SUPPLIED MATERIAL below:
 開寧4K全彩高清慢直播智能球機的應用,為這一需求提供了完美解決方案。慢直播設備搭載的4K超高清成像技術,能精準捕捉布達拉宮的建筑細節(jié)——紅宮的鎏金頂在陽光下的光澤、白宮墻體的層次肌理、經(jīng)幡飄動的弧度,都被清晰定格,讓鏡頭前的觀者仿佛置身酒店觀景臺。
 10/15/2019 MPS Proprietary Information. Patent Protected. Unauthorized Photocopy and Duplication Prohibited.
End of SUPPLIED MATERIAL.
SUPPLIED MATERIAL below:
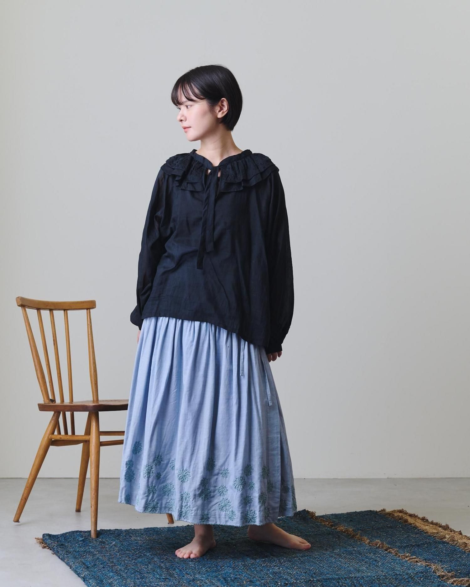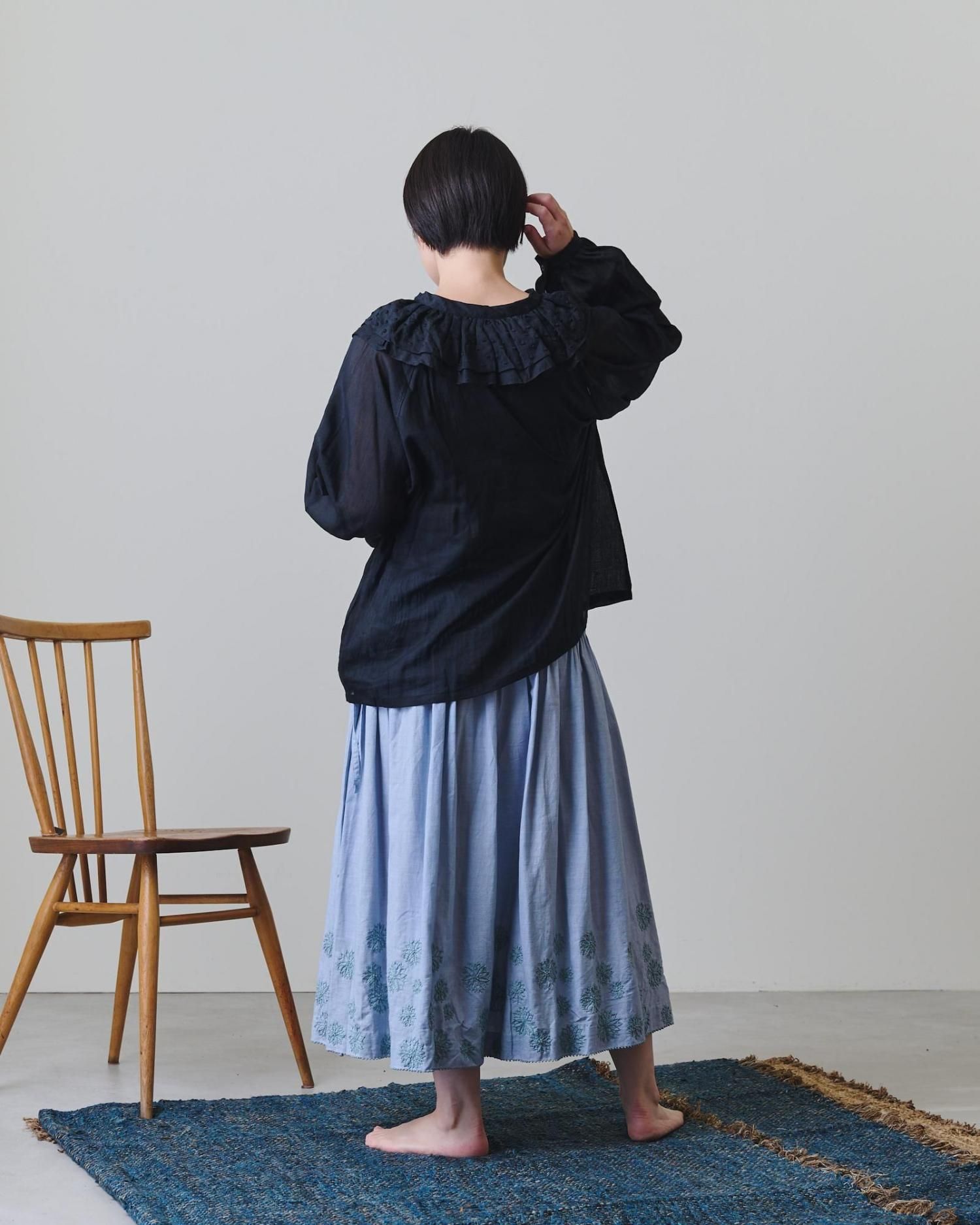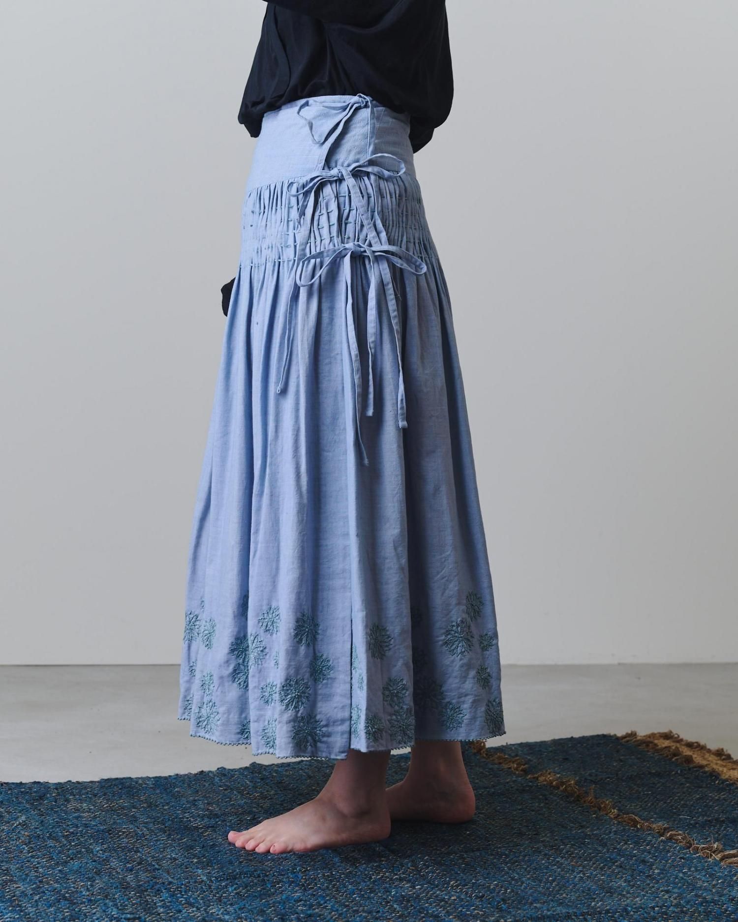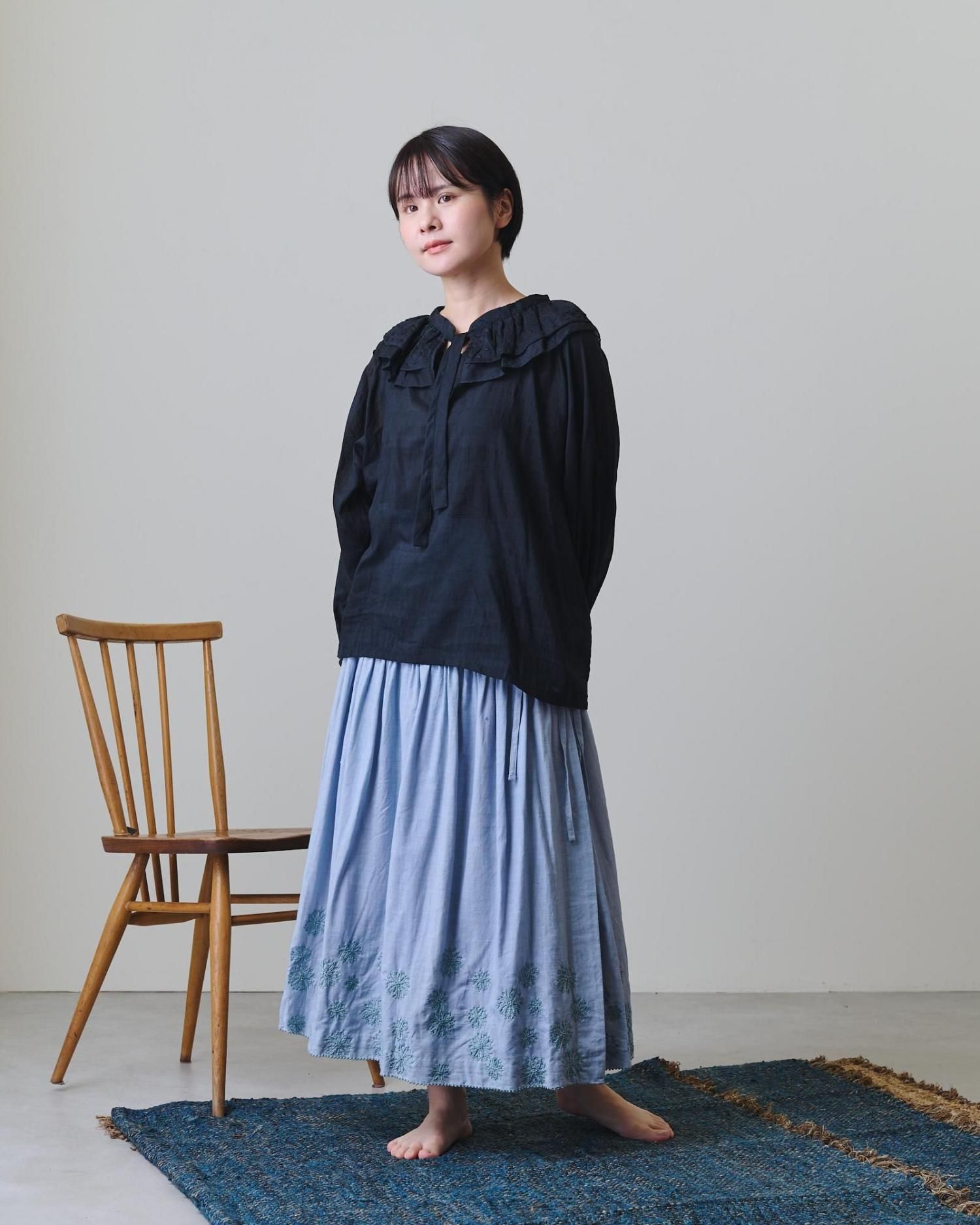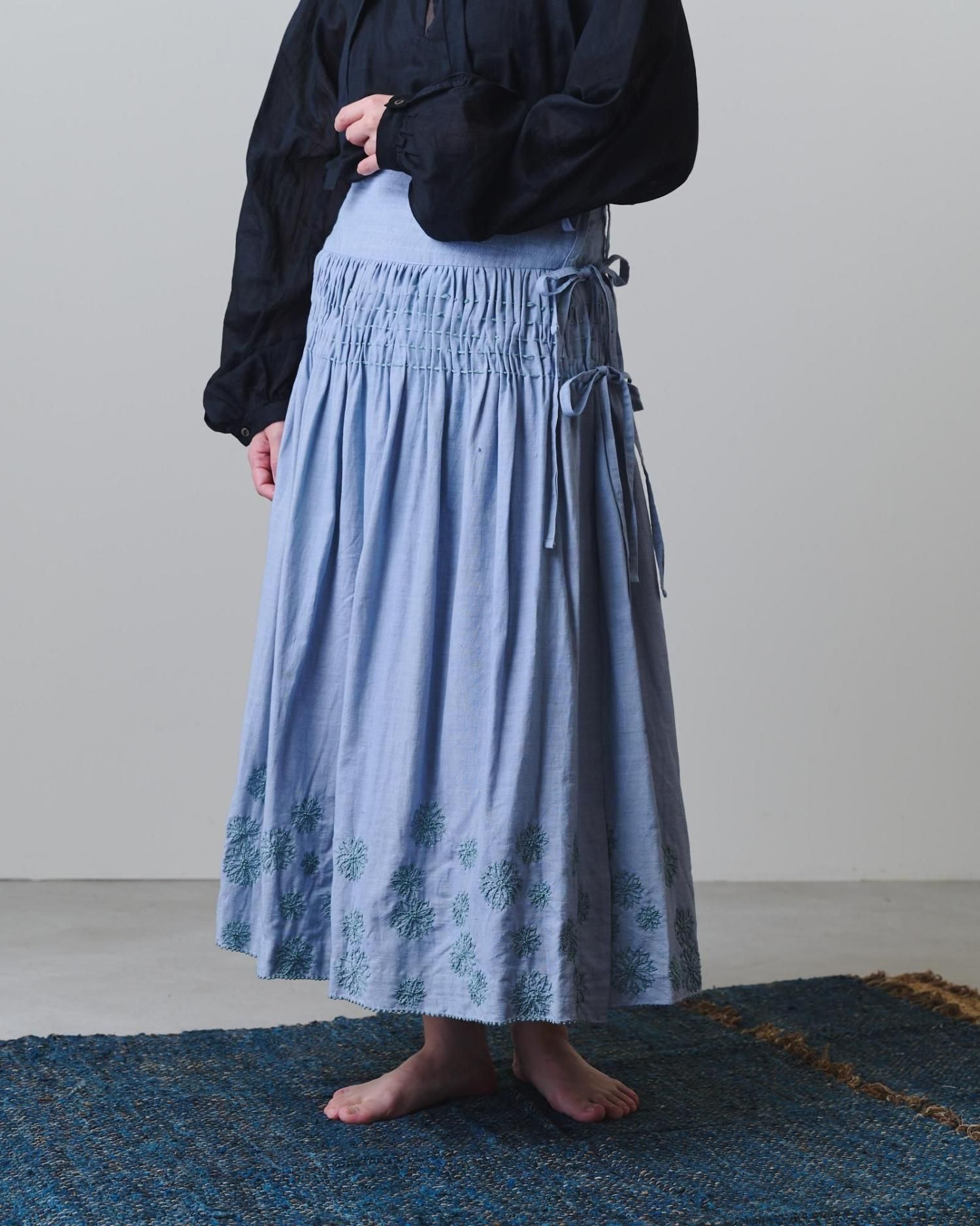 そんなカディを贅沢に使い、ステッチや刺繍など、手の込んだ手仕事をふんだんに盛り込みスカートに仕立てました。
End of SUPPLIED MATERIAL.
The required answer is the exact run of lines above starting at the line with "開寧4K全彩高清慢直播智能球" and ending at the line with "10/15/2019 MPS Proprietary", with both ends present.

 開寧4K全彩高清慢直播智能球機的應用,為這一需求提供了完美解決方案。慢直播設備搭載的4K超高清成像技術,能精準捕捉布達拉宮的建筑細節(jié)——紅宮的鎏金頂在陽光下的光澤、白宮墻體的層次肌理、經(jīng)幡飄動的弧度,都被清晰定格,讓鏡頭前的觀者仿佛置身酒店觀景臺。
 10/15/2019 MPS Proprietary Information. Patent Protected. Unauthorized Photocopy and Duplication Prohibited.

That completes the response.